The ever-evolving bachelor party

Bachelor Party Confidential by David Boyer.

They’re a time-honoured tradition that dates back to 500 BC, when Spartan men revered their own before sending them off to married life.

Now, they’re simply known for their stripper shows and heavy-handed beer consumption.

“(A constant at every bachelor party) is booze and women,” says David Boyer, author of Bachelor Party Confidential: A Real-Life Peek Behind the Closed-Door Tradition. “Even if there aren’t booze and women at the party, there is the discussion of whether there should be.”

Yet the presence of nearly naked women that stereotype so many bachelor parties of today did, at one time, serve a purpose.
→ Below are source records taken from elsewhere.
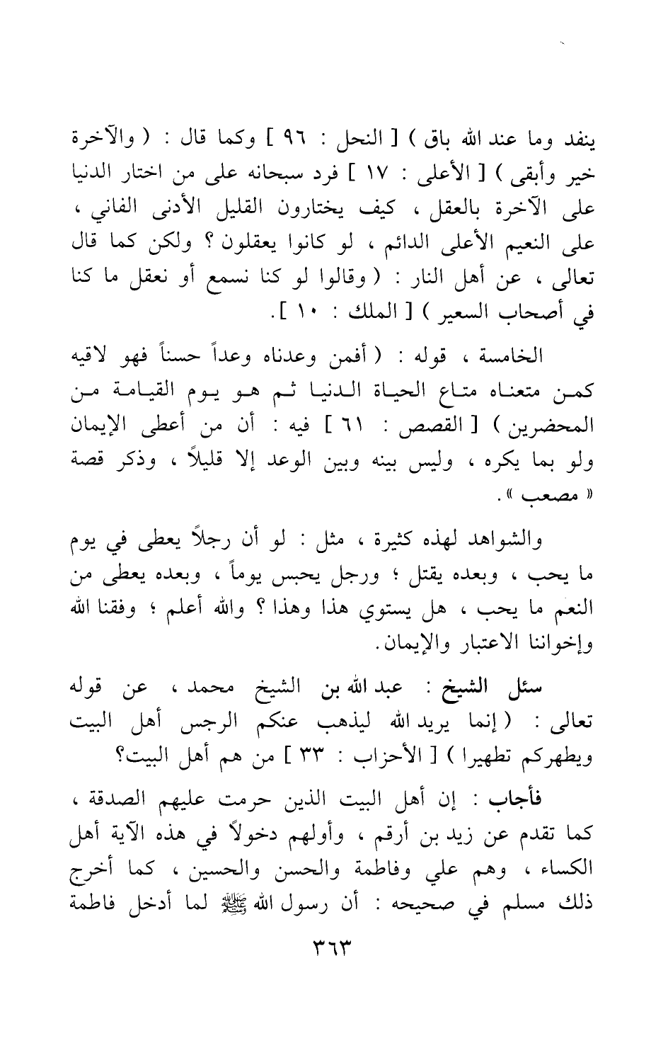 سئل الشيخ: عبد الله بن الشيخ محمد، عن قوله تعالى: {إِنَّمَا يُرِيدُ اللَّهُ لِيُذْهِبَ عَنْكُمُ الرِّجْسَ أَهْلَ الْبَيْتِ وَيُطَهِّرَكُمْ تَطْهِيراً} [سورة الأحزاب آية: 33] ، من هم أهل البيت؟ .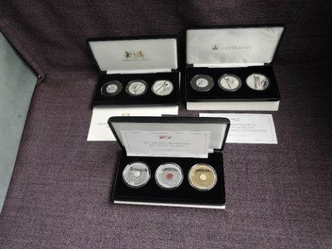 Two Jubilee Mint Three Coin Sets, 80th Anniversary of the Battle of Britain Fine Silver Proof Coin Collection and the 2020 Remembrance Day £5 Coin Collection, both with certificates, box and outer card sleeve along with a Harrington & Byrne 2020 80th Anniversary of the Battle of Britain Silver Proof 3-Coin Collection, with certificate, box and outer card sleeve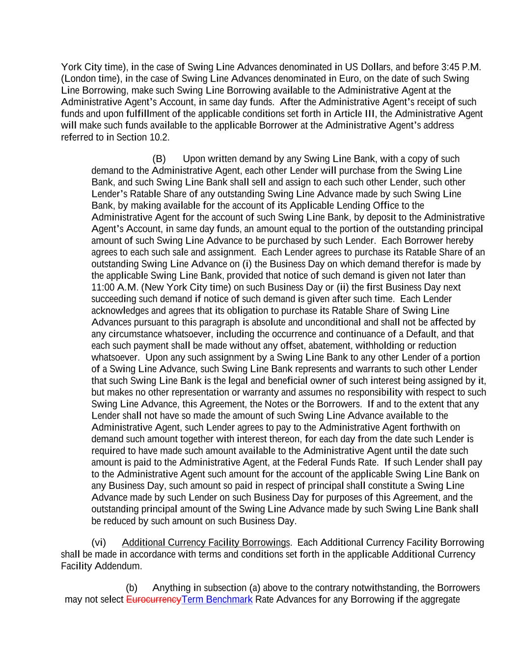 York City time), in the case of Swing Line Advances denominated in US Dollars, and before 3:45 P.M. (London time), in the case of Swing Line Advances denominated in Euro, on the date of such Swing Line Borrowing, make such Swing Line Borrowing available to the Administrative Agent at the Administrative Agent’s Account, in same day funds. After the Administrative Agent’s receipt of such funds and upon fulfillment of the applicable conditions set forth in Article III, the Administrative Agent will make such funds available to the applicable Borrower at the Administrative Agent’s address referred to in Section 10.2. (B) Upon written demand by any Swing Line Bank, with a copy of such demand to the Administrative Agent, each other Lender will purchase from the Swing Line Bank, and such Swing Line Bank shall sell and assign to each such other Lender, such other Lender’s Ratable Share of any outstanding Swing Line Advance made by such Swing Line Bank, by making available for the account of its Applicable Lending Office to the Administrative Agent for the account of such Swing Line Bank, by deposit to the Administrative Agent’s Account, in same day funds, an amount equal to the portion of the outstanding principal amount of such Swing Line Advance to be purchased by such Lender. Each Borrower hereby agrees to each such sale and assignment. Each Lender agrees to purchase its Ratable Share of an outstanding Swing Line Advance on (i) the Business Day on which demand therefor is made by the applicable Swing Line Bank, provided that notice of such demand is given not later than 11:00 A.M. (New York City time) on such Business Day or (ii) the first Business Day next succeeding such demand if notice of such demand is given after such time. Each Lender acknowledges and agrees that its obligation to purchase its Ratable Share of Swing Line Advances pursuant to this paragraph is absolute and unconditional and shall not be affected by any circumstance whatsoever, including the occurrence and continuance of a Default, and that each such payment shall be made without any offset, abatement, withholding or reduction whatsoever. Upon any such assignment by a Swing Line Bank to any other Lender of a portion of a Swing Line Advance, such Swing Line Bank represents and warrants to such other Lender that such Swing Line Bank is the legal and beneficial owner of such interest being assigned by it, but makes no other representation or warranty and assumes no responsibility with respect to such Swing Line Advance, this Agreement, the Notes or the Borrowers. If and to the extent that any Lender shall not have so made the amount of such Swing Line Advance available to the Administrative Agent, such Lender agrees to pay to the Administrative Agent forthwith on demand such amount together with interest thereon, for each day from the date such Lender is required to have made such amount available to the Administrative Agent until the date such amount is paid to the Administrative Agent, at the Federal Funds Rate. If such Lender shall pay to the Administrative Agent such amount for the account of the applicable Swing Line Bank on any Business Day, such amount so paid in respect of principal shall constitute a Swing Line Advance made by such Lender on such Business Day for purposes of this Agreement, and the outstanding principal amount of the Swing Line Advance made by such Swing Line Bank shall be reduced by such amount on such Business Day. (vi) Additional Currency Facility Borrowings. Each Additional Currency Facility Borrowing shall be made in accordance with terms and conditions set forth in the applicable Additional Currency Facility Addendum. (b) Anything in subsection (a) above to the contrary notwithstanding, the Borrowers may not select EurocurrencyTerm Benchmark Rate Advances for any Borrowing if the aggregate

“In the 1950s, stag films were shown at bachelor parties. That’s where men learned about sex … and about the female anatomy, since they hadn’t had the experience first-hand. Back then, if you had never been with a woman and you’re about to get married, that’s as good a time as any to figure out how to please a woman,” says Boyer.

Now, men have the Internet and perhaps an outspoken girlfriend who is willing to lend a hand.

“That’s why I say it’s sort of a ritual in search of a purpose,” says Boyer. “The original reasons for having a bachelor party don’t hold up any more.”

But after scripting 5o stories (and interviewing plenty more) from men, party planners, strippers, bouncers and even an S&M clown, Boyer thinks he’s found the meaning of today’s bachelor party and it has little to do with sex. “So much of our lives are integrated with both genders. We work together, play together, and are on teams together. I think the bachelor party is one of the few remaining male-only bonding traditions,” says Boyer.

One group of men Boyer interviewed decided to take their friend to his parents’ house and build him and his wife a tree house for his bachelor party because they knew how much he liked to build things. “That for them was pushing the envelope,” says Boyer.

However, that’s not to say some bachelor parties don’t get out of hand. Boyer’s favourite stag tale is from Australia where a group of rugby players take the bachelor out to the pub. After too many drinks, he passes out at the bar and his friends — one of whom is a doctor — decide to play a prank on him. “They put on a cast from his ankle to his hip … and it’s only a few days before the wedding,” says Boyer. “So, he goes to his wedding on crutches and in a cast. Then he goes on his honeymoon to Fiji in this cast, without really having a broken leg. His whole wedding is essentially dominated by this fake broken leg.”

It’s stories like these that make so many brides-to-be worry about the time-honoured tradition.